Autorouting can also be viewed as a collection of search problems.  The
individual search problems deal with finding a route, and laying down a trace,
between two locations on a printed circuit board.  There are many algorithms
for solving search problems, each with different running time characteristics
and data space requirements.  The two search algorithms we will be discussing
are breadth-first and A*.


3. Autorouting by Searching

When search algorithms are used to solve the autorouting problem, they
typically operate in two phases (reference [1]), and treat the board as a
matrix of cells.  The first phase starts at the source cell and searches for
the target cell, usually by going in several directions at the same time.
While searching, an auxiliary data structure will be built which keeps track
of how each cell was reached (this is referred to as Pred in the algorithms in
figures 1 and 2).  Once the target cell has been found, the first phase is
finished, and the second phase is started.  However, if the first phase
exhausts all possibilities without reaching the target cell, then no route
exists between them, and there is no reason to do the second phase.

In the second phase, the auxiliary data structure is used to trace the route
from the target cell back to the source cell, actually laying down the
electrical connections.  The second phase is identical for the breadth-first
and A* search algorithms.  But the first phase is different, and it is what
gives these algorithms different behaviors.

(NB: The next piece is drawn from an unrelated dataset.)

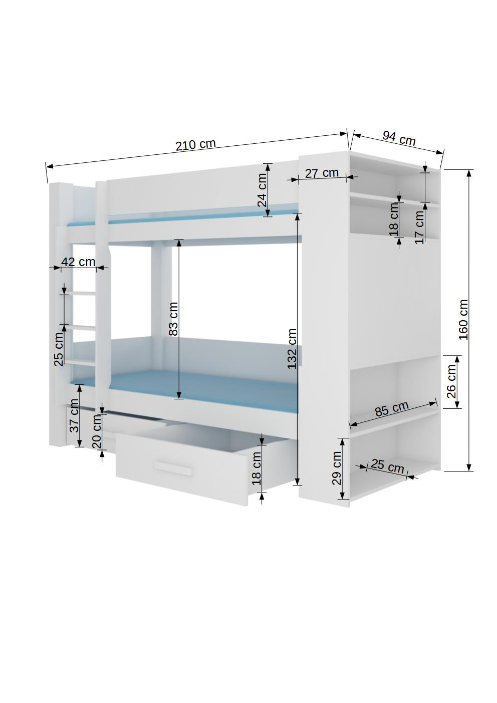 A GARET emeletes, 2 ágyas ágy nagyszerű ötlet a helytakarékosságra egy kis gyerekszobában. A bútor tartalmaz egy lépcsős létrát és két tágas és funkcionális fiókot az ágynemű számára. Ezenkívül két szinten korlátokat szereltek fel, amelyek növelik a biztonságot alvás közben. A GARET modell polcai az ágy belső és külső oldalán is elhelyezkednek. A matracok nem tartoznak az ágyhoz.

The main data structures used in the first phase are the Open queue and the
Closed set, and are used to hold cell coordinates.  Since a cell's coordinates
uniquely identify that cell, we'll say that the Open queue and Closed set
contain cells.  Cell coordinates will be represented as r2c3s1 for the cell at
row 2, column 3, side 1, or as r2c3 when it is understood that all cells are
on the same side of the board.  To remind ourselves that Open is a queue and
Closed is a set, when we talk about adding cells to them, we will put the
cells "on" the queue, and "in" the set.  Initially, the Open queue contains
the source cell and the Closed set is empty.  The first phase is a loop which
removes an element from the head of the Open queue, puts it in the Closed set
(which indicates that it has been searched), and checks to see if it is the
target cell.  If it is, the first phase is done.  Otherwise, the neighbors of
the cell (the cells that are adjacent to it) are placed on the Open queue, and
the loop continues.  As we will see below, the essential difference in the
breadth-first and A* search algorithms is the order in which the neighbors are
placed on the Open queue.


4. Breadth-First Search

The breadth-first search algorithm (figure 1) works by processing a
first-in-first-out (FIFO) queue of open cells (cells that have been reached,
but not yet searched).  Initially, the open queue contains only the source
cell.  A cell is removed from the head of the open queue, placed in the set of
closed cells (cells that have been searched), checked to see if it is the
target cell, and if it is not, its neighboring cells are placed at the tail of
the open queue.  Neighboring cells which have already been reached are
ignored.  (If a cell's coordinates are on the open queue or in the closed set,
then it has been reached.  Otherwise, it has not been reached.)  This
continues until the target cell has been found, or the open queue is empty, in
which case the target cell cannot be reached from the source cell.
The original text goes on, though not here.